Stanford Study Finds AI Beats Law Professors at Answering Legal Questions

By Abdul Wasay|2 months ago |

A new Stanford Law School study has delivered a striking result. Law professors overwhelmingly preferred AI-generated answers to student legal questions over answers written by fellow professors. The finding could reshape how legal education is delivered.

Stanford Law School Professor Julian Nyarko led the research. The study, titled “Law Professors Prefer AI Over Peer Answers,” involved 16 law professors across US law schools. It tested whether large language models could work as effective tutors for contract law courses.

The numbers are clear. In a blind evaluation of nearly 3,000 anonymized comparisons, professors rated AI responses significantly higher than human-written ones. AI won 75% of head-to-head matchups. Even more telling, professors flagged AI responses as pedagogically harmful only 3.5% of the time. Peer-written answers drew that same warning 12% of the time.

“We designed this study to be as rigorous as possible because the stakes are so high,” Nyarko explained. “Legal education is about training future lawyers to think critically, argue persuasively, and navigate ethical complexities. Our study makes important steps towards finding out whether AI could support that mission.”

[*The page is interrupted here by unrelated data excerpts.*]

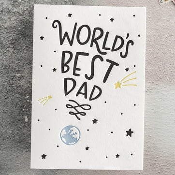 Give your dad the title he deserves this Father's day: World's Best Dad. This letterpress card is blank inside and comes with a kraft brown envelope.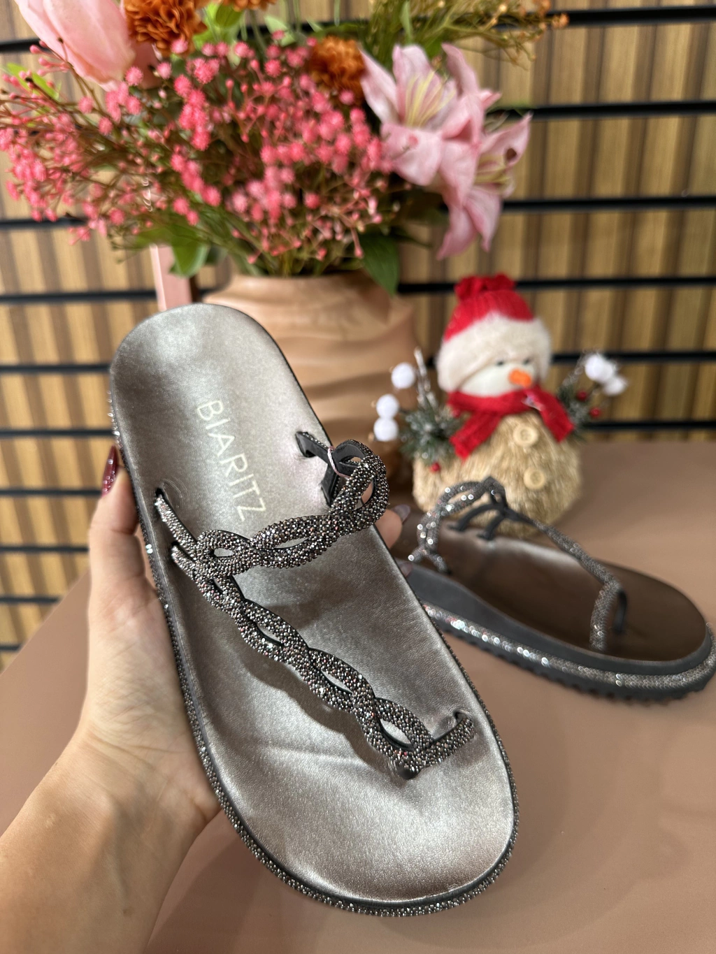 Com design moderno e tiras trançadas cravejadas, ela traz um visual glamuroso e sofisticado — perfeito pra quem quer brilhar em qualquer ocasião. ✨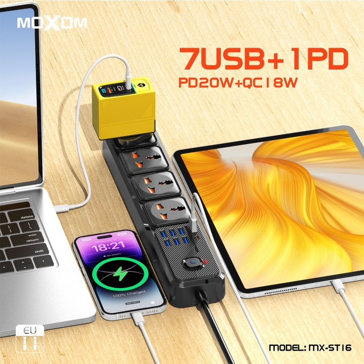 چند راهی برق و شارژر موکسوم مدل MX-ST16 طول کابل 2 متری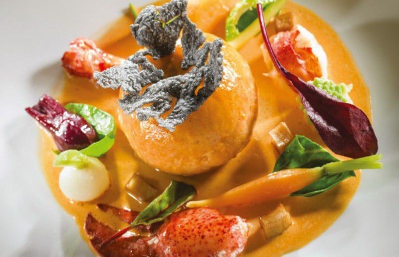 Mousseline de homard et de brochet aux petits légumes et au jus de carapace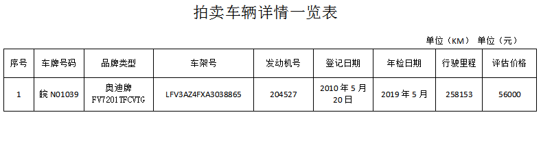 一、拍賣標(biāo)的:皖N01039奧迪牌FV7201TFCVTG轎車,2010年5月注冊(cè),參考價(jià)5.6萬元。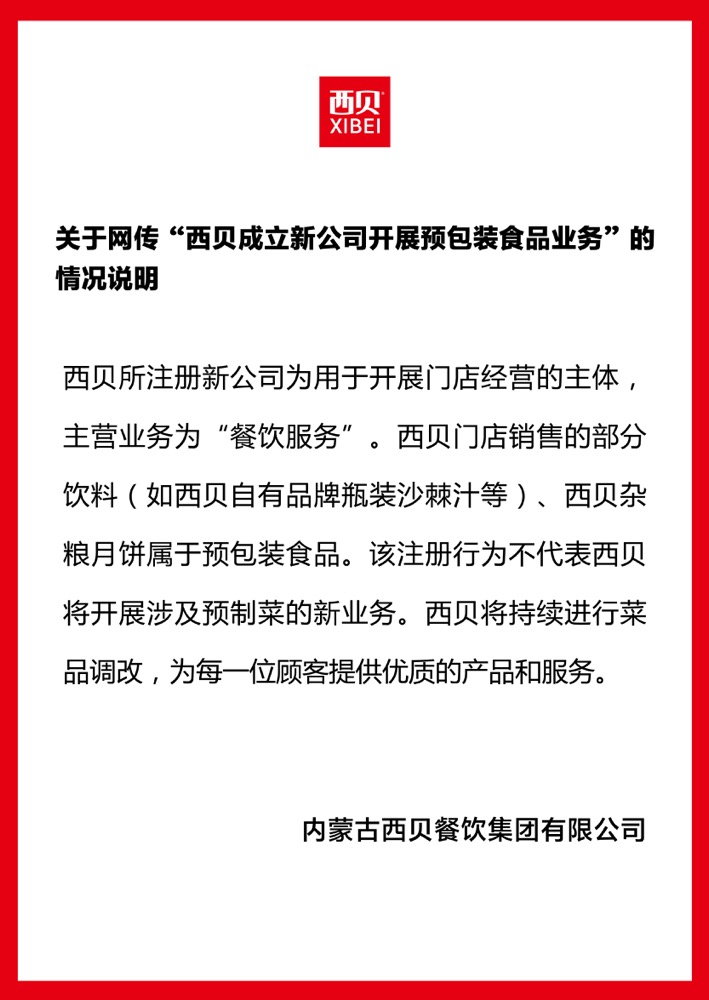 近日有消息称,企查查app显示,由内蒙古西贝餐饮集团有限公司(下称“西贝餐饮”)控股95%的“深圳市玉华美好餐饮管理有限公司”于9月30日成立,经营范围为“预包装食品销售”“食品互联网销售”等领域。此举被外界认为:西贝成立新公司,开卖预制菜。 不过,13日,西贝方面发布声明表示,该注册行为不代表西贝将开展预制菜业务。该公司为西贝门店提供餐饮服务,仅制作西贝自有瓶装饮料、杂粮月饼等预包装产品。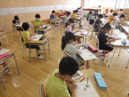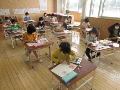 図画工作科の時間に、色や形をくふうして、自分だけのたんぽぽをかきました。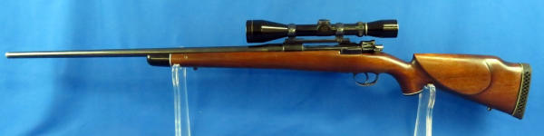 24" BBL; very smooth action; very nice condition; no maker or model that I can see or SN#; barrel is marked .257R; older Leupold 3x9 Vari-X II scope is clear;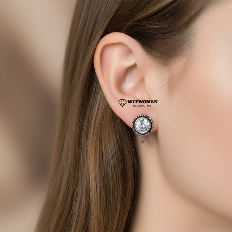 گوشواره زنانه کلیپسی نقره ای نگین دار برند اروپایی Iam ضدحساسیت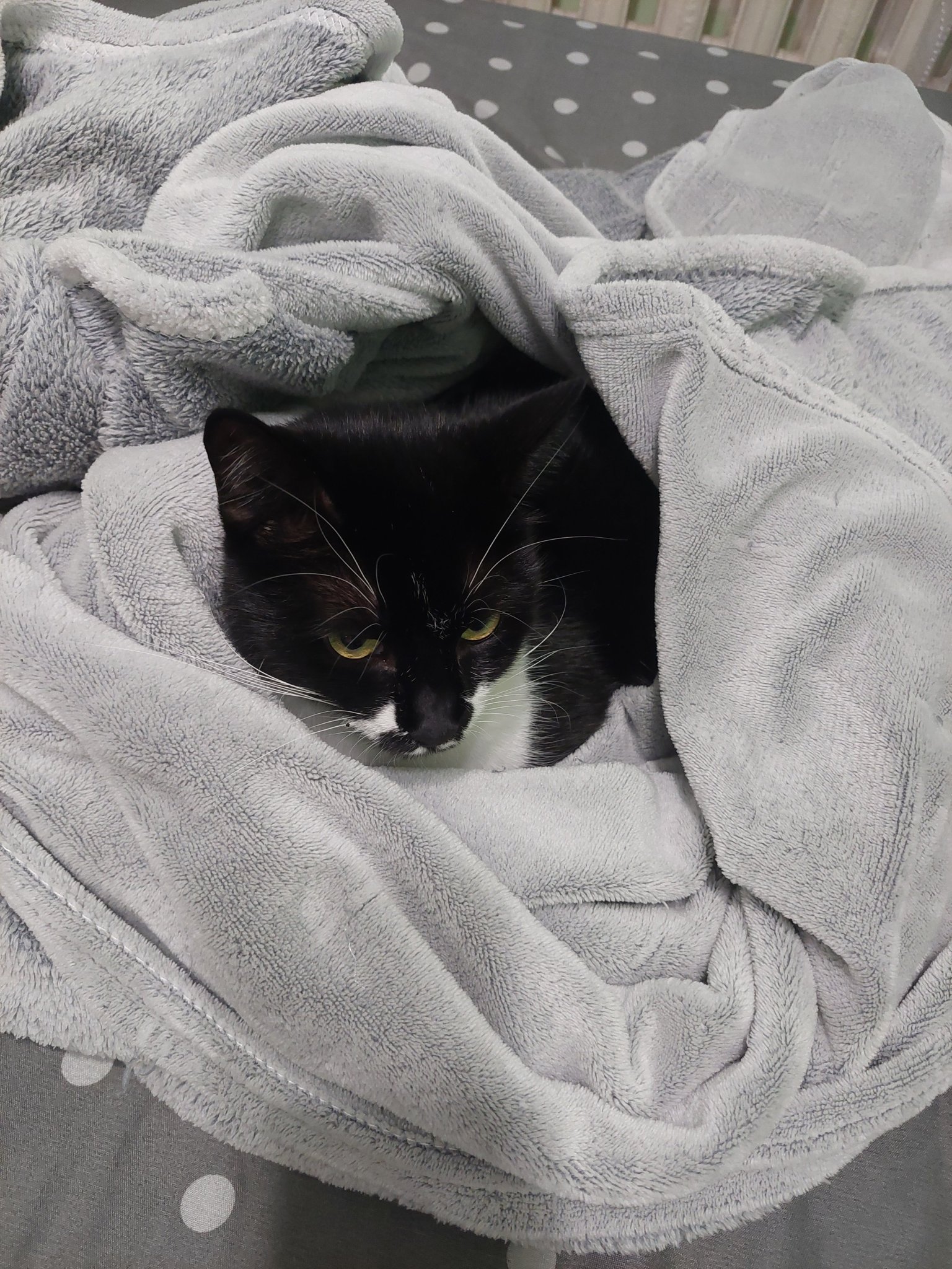И тук времето много застудя и Линош все се навира под завивките, кака и тя само мрънка студено та студено, не мога да ги стопля тез мойте бамбини, та се принудих да купя печка - климатика не става, не топли добре. Взех ииии чудо, аз лудвам от жега, ама търпя, кака е доволна не хленчи, а Линош се размазва от кеф и обръща коремчето нагоре, не е свита на топчица.

Stanford Law School Professor Julian Nyarko

The study stands out because legal reasoning rarely offers clean right-or-wrong answers. Most previous AI evaluations focused on subjects with clear solutions. Law demands judgment, nuanced reasoning, and the ability to navigate ambiguity. Nyarko said the team chose law precisely for that reason. He admitted the team was surprised by the size of the results.

The researchers designed the test carefully. Participants created 40 realistic contract law questions, wrote their own answers, then evaluated responses without knowing the source. The AI systems performed on par with the best human instructor in the study. The team also calibrated AI answers to match human responses in length and structure, then used multiple evaluation methods to ensure validity.

Yale Law School professor and co-author Sarath Sanga framed the core question simply. He said two opposing legal arguments can both be strong, so the team wanted to know whether AI could meet the professional standard lawyers use to judge each other. The answer, in this case, was yes. The paper drew co-authors from Yale, NYU, and the University of Chicago, among others.

The team tested specific models, including commercial tutoring systems and Google’s NotebookLM. Performance varied, but professors still often preferred AI even when context limits affected its answers.

Nyarko cautioned against overreaching. He stressed the team is not advocating wholesale adoption of AI tutors. However, he said blanket skepticism is equally unwarranted. He argued the conversation should move from whether AI can give high-quality answers to how schools can deploy it responsibly.

Nyarko is currently a Professor at Stanford Law School, the Faculty Director at liftlab, as well as a Senior Fellow at Stanford’s Human-Centered Artificial Intelligence (HAI).